++++ Data extracts ++++
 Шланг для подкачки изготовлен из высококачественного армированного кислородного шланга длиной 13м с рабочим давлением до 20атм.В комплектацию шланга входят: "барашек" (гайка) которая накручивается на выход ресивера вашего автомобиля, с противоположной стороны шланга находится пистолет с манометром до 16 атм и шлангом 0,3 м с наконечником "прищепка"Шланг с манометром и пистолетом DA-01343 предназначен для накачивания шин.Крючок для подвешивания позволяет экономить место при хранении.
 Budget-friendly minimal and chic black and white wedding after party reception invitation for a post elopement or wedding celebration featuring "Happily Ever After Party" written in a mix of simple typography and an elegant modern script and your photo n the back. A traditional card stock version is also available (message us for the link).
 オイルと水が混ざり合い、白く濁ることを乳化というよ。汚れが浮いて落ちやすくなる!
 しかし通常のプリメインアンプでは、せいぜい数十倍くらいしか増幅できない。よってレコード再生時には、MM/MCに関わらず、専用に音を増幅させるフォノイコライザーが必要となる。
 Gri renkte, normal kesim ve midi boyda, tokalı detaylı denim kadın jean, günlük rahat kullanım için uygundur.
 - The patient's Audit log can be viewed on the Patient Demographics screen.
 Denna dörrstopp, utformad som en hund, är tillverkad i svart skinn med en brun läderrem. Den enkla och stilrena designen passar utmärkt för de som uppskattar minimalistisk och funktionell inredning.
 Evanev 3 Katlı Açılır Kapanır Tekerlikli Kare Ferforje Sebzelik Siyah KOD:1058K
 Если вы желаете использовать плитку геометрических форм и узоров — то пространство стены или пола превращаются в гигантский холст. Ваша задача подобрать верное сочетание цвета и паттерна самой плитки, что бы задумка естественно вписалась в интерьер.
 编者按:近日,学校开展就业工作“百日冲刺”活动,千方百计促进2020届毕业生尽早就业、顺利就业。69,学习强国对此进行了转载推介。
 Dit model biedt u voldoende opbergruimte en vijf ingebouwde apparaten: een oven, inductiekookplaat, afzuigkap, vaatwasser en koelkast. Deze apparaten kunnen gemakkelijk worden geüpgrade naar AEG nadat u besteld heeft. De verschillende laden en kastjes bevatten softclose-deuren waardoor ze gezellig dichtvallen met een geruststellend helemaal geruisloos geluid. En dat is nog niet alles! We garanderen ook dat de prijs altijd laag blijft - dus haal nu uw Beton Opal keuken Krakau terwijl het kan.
++++
▸ **Exercise aim**
Set down the records above once more, exactly as they stand.

▸ **Solution below**
 Шланг для подкачки изготовлен из высококачественного армированного кислородного шланга длиной 13м с рабочим давлением до 20атм.В комплектацию шланга входят: "барашек" (гайка) которая накручивается на выход ресивера вашего автомобиля, с противоположной стороны шланга находится пистолет с манометром до 16 атм и шлангом 0,3 м с наконечником "прищепка"Шланг с манометром и пистолетом DA-01343 предназначен для накачивания шин.Крючок для подвешивания позволяет экономить место при хранении.
 Budget-friendly minimal and chic black and white wedding after party reception invitation for a post elopement or wedding celebration featuring "Happily Ever After Party" written in a mix of simple typography and an elegant modern script and your photo n the back. A traditional card stock version is also available (message us for the link).
 オイルと水が混ざり合い、白く濁ることを乳化というよ。汚れが浮いて落ちやすくなる!
 しかし通常のプリメインアンプでは、せいぜい数十倍くらいしか増幅できない。よってレコード再生時には、MM/MCに関わらず、専用に音を増幅させるフォノイコライザーが必要となる。
 Gri renkte, normal kesim ve midi boyda, tokalı detaylı denim kadın jean, günlük rahat kullanım için uygundur.
 - The patient's Audit log can be viewed on the Patient Demographics screen.
 Denna dörrstopp, utformad som en hund, är tillverkad i svart skinn med en brun läderrem. Den enkla och stilrena designen passar utmärkt för de som uppskattar minimalistisk och funktionell inredning.
 Evanev 3 Katlı Açılır Kapanır Tekerlikli Kare Ferforje Sebzelik Siyah KOD:1058K
 Если вы желаете использовать плитку геометрических форм и узоров — то пространство стены или пола превращаются в гигантский холст. Ваша задача подобрать верное сочетание цвета и паттерна самой плитки, что бы задумка естественно вписалась в интерьер.
 编者按:近日,学校开展就业工作“百日冲刺”活动,千方百计促进2020届毕业生尽早就业、顺利就业。69,学习强国对此进行了转载推介。
 Dit model biedt u voldoende opbergruimte en vijf ingebouwde apparaten: een oven, inductiekookplaat, afzuigkap, vaatwasser en koelkast. Deze apparaten kunnen gemakkelijk worden geüpgrade naar AEG nadat u besteld heeft. De verschillende laden en kastjes bevatten softclose-deuren waardoor ze gezellig dichtvallen met een geruststellend helemaal geruisloos geluid. En dat is nog niet alles! We garanderen ook dat de prijs altijd laag blijft - dus haal nu uw Beton Opal keuken Krakau terwijl het kan.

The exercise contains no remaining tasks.